> Assignment: Retype, exactly and with nothing added, the lines from the one showing "五台山普化禅寺内梵音缭绕,檀" through the final line of the material. Omit pictures.

> Source data:
----------

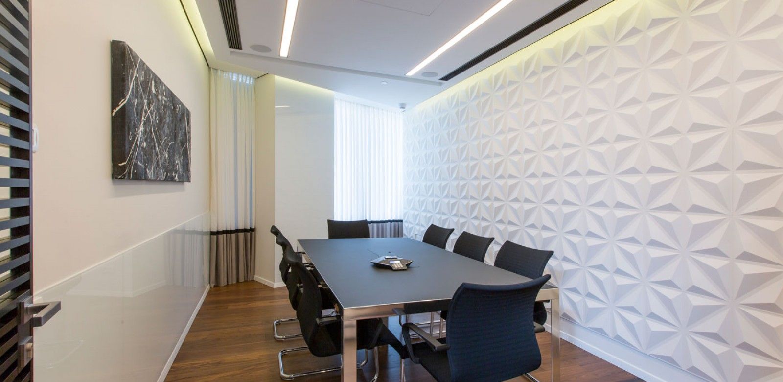 בחדר הישיבות ניתן לשלוט בעוצמת האור ולהתאימה לאווירה הדרושה.
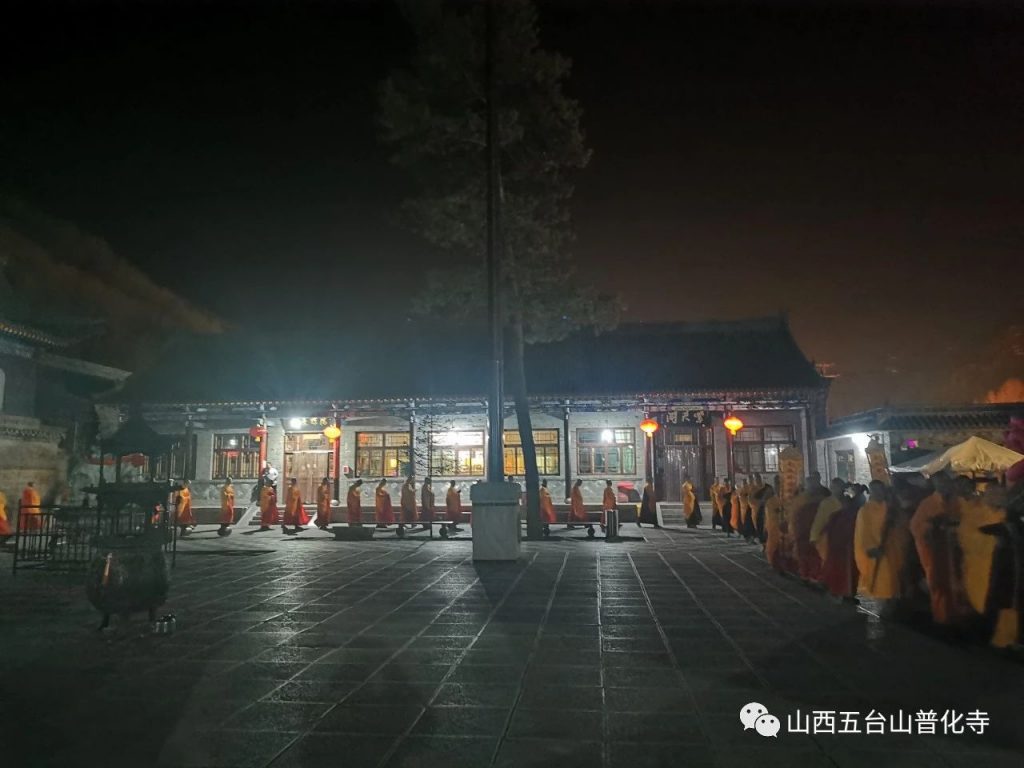 五台山普化禅寺内梵音缭绕,檀香袅袅,四众弟子虔诚备至,威仪具足。绕寺一周,迤逦而行,一路高唱梵咒,晓喻群灵。
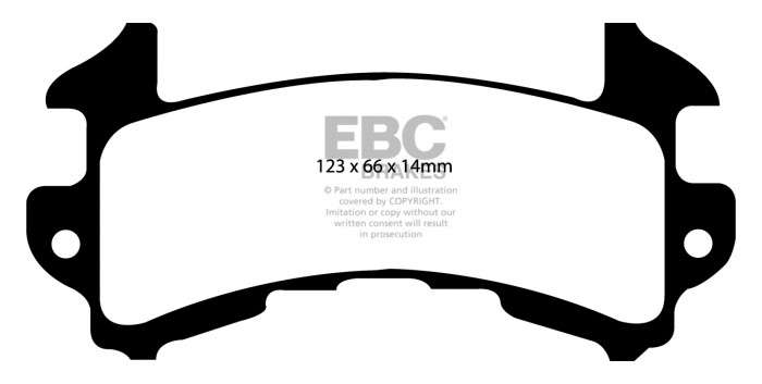 Okładziny wykonane są z kompozytu ciernego na bazie włókien z tworzywa Kevlar® wzmacnianego spiekami ceramicznymi. W porównaniu do wcześniejszej generacji klocków EBC Redstuff (z okładzinami ciernymi nieceramicznymi) ten materiał jest o lata świetlne do przodu. Jest trwalszy, lepiej hamuje i jest cichszy. Klocki te zapewniają imponującą skuteczność przy częstym intensywnym hamowaniu.

----------

> Solution for this task:
 五台山普化禅寺内梵音缭绕,檀香袅袅,四众弟子虔诚备至,威仪具足。绕寺一周,迤逦而行,一路高唱梵咒,晓喻群灵。
 Okładziny wykonane są z kompozytu ciernego na bazie włókien z tworzywa Kevlar® wzmacnianego spiekami ceramicznymi. W porównaniu do wcześniejszej generacji klocków EBC Redstuff (z okładzinami ciernymi nieceramicznymi) ten materiał jest o lata świetlne do przodu. Jest trwalszy, lepiej hamuje i jest cichszy. Klocki te zapewniają imponującą skuteczność przy częstym intensywnym hamowaniu.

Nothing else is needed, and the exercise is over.